— TASK DESCRIPTION —
Transcribe nothing except the lines below that run from the one with "This softly rounded" to the one with "Vuelca un Jeep", ends included, and do not copy any picture.

[MATERIAL FOR THE TASK — start]

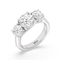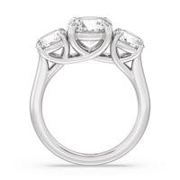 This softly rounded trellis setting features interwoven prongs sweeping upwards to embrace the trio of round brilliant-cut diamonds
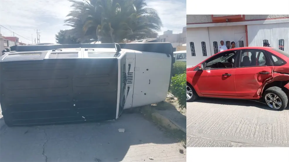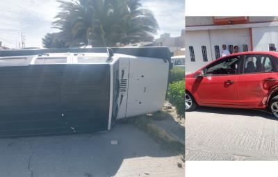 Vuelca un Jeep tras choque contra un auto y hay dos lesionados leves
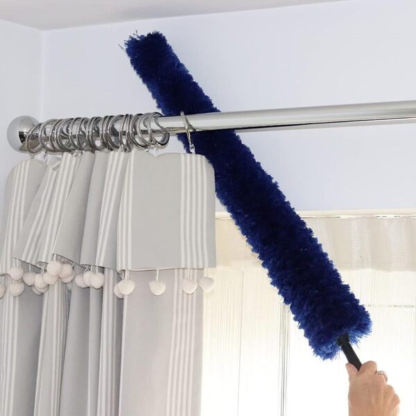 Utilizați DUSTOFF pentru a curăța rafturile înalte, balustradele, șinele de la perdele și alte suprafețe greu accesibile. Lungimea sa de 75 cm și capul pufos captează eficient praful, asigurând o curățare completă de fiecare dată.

[MATERIAL FOR THE TASK — finish]
[MATERIAL FOR THE TASK — start]

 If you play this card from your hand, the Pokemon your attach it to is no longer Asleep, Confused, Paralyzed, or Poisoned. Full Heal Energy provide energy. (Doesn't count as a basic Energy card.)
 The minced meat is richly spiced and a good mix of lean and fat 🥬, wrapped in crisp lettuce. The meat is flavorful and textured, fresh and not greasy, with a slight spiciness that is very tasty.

[MATERIAL FOR THE TASK — finish]
[MATERIAL FOR THE TASK — start]

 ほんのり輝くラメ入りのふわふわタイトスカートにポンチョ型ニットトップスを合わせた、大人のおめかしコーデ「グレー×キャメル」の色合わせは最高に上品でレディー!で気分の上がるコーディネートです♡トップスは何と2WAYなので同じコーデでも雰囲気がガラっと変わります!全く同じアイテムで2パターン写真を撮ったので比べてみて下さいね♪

[MATERIAL FOR THE TASK — finish]

— PROBLEM SOLUTION —
 This softly rounded trellis setting features interwoven prongs sweeping upwards to embrace the trio of round brilliant-cut diamonds
 Vuelca un Jeep tras choque contra un auto y hay dos lesionados leves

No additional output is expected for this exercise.